Background: The prognostic value of NT-proBNP levels in patients admitted to hospital due to acute exacerbations of chronic pulmonary diseases (CPDs) is unknown.

Setting: Internal Medicine units at two general hospitals.

Methods: NT-proBNP levels were obtained within 72 h after admission in 192 consecutive patients with acute exacerbations of CPDs and no history of heart failure or diuretic treatment. Clinical characteristics and main outcomes were assessed over a 12-month follow-up. NT-proBNP cut-points for outcomes were obtained by ROC (receiver operating characteristics) curve analysis.
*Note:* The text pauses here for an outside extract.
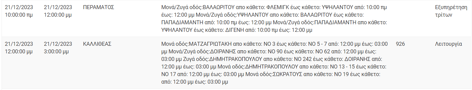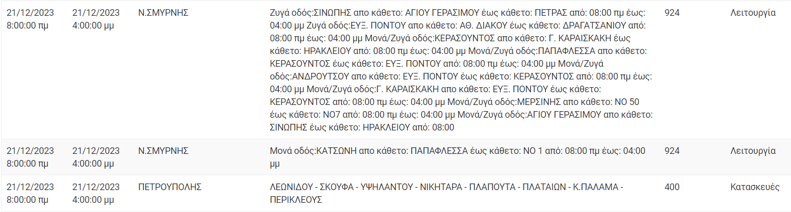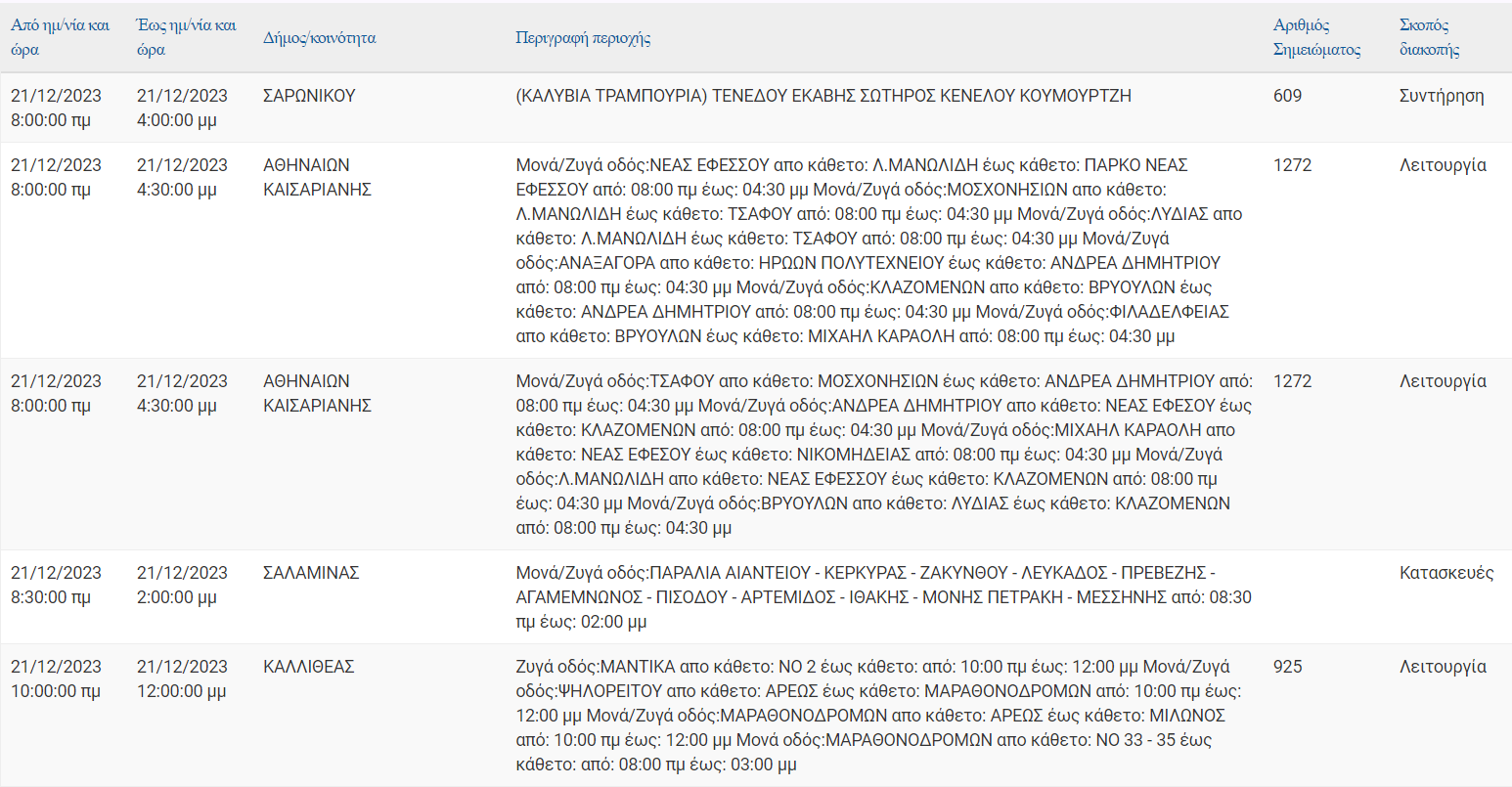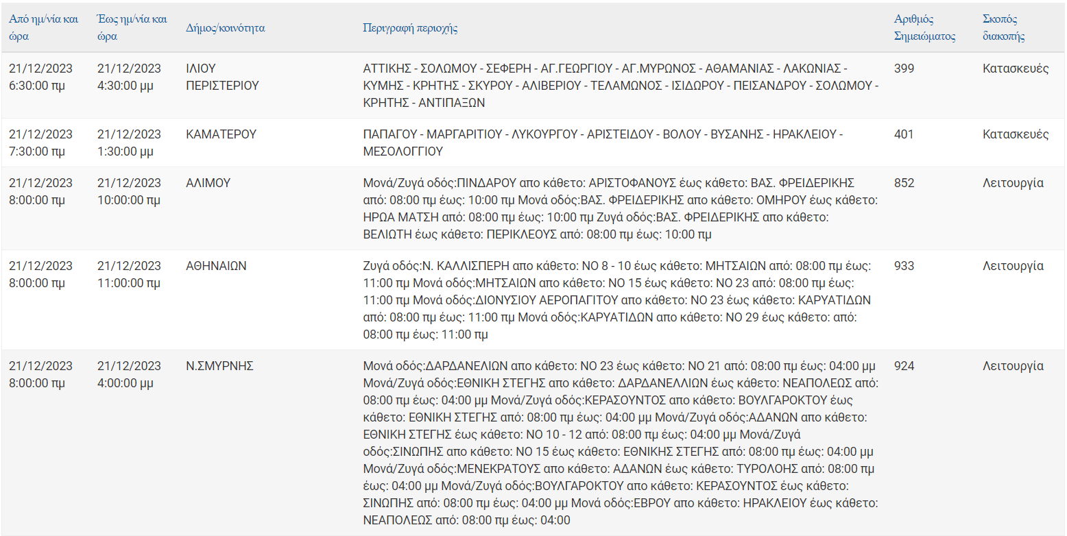 Ο ΔΕΔΔΗΕ, ανακοίνωσε πως για σήμερα Πέμπτη (21/12) έχει προγραμματίσει διακοπή ρεύματος σε αρκετές περιοχές της Αττικής.

Results: Chronic obstructive lung disease (69.3%) and chronic asthma (22.4%) were the most prevalent CPDs, and non-pneumonic acute respiratory infection (72.4%) and pneumonia (22.9%) were the most frequent causes of exacerbation. Atrial flutter or fibrillation rate was 11%. During the one-year follow-up period, 22 patients died, 42 were re-admitted, 46 received new long-term oxygen therapy, and 39 received new diuretic treatment. NT-proBNP values correlated with hospitalisation days. NT-proBNP values over 587.9 pg/ml were associated with significantly raised one-year mortality (OR=3.90; 95% IC 1.46-10.47; p=0.006) and over 782.2 pg/ml with cardio-pulmonary deaths (OR=6.38; 95% IC 1.91-21.3; p=0.002). That association persisted after adjustment for age, gender, creatinine levels and cardiac rhythm. NT-proBNP values over 628.7 pg/ml were associated with significantly higher probability of new diuretic treatment (OR=4.38; IC 95% 2.07-9.25; p<0.001). The negative predictive values for these cut-points ranged from 89% to 97%.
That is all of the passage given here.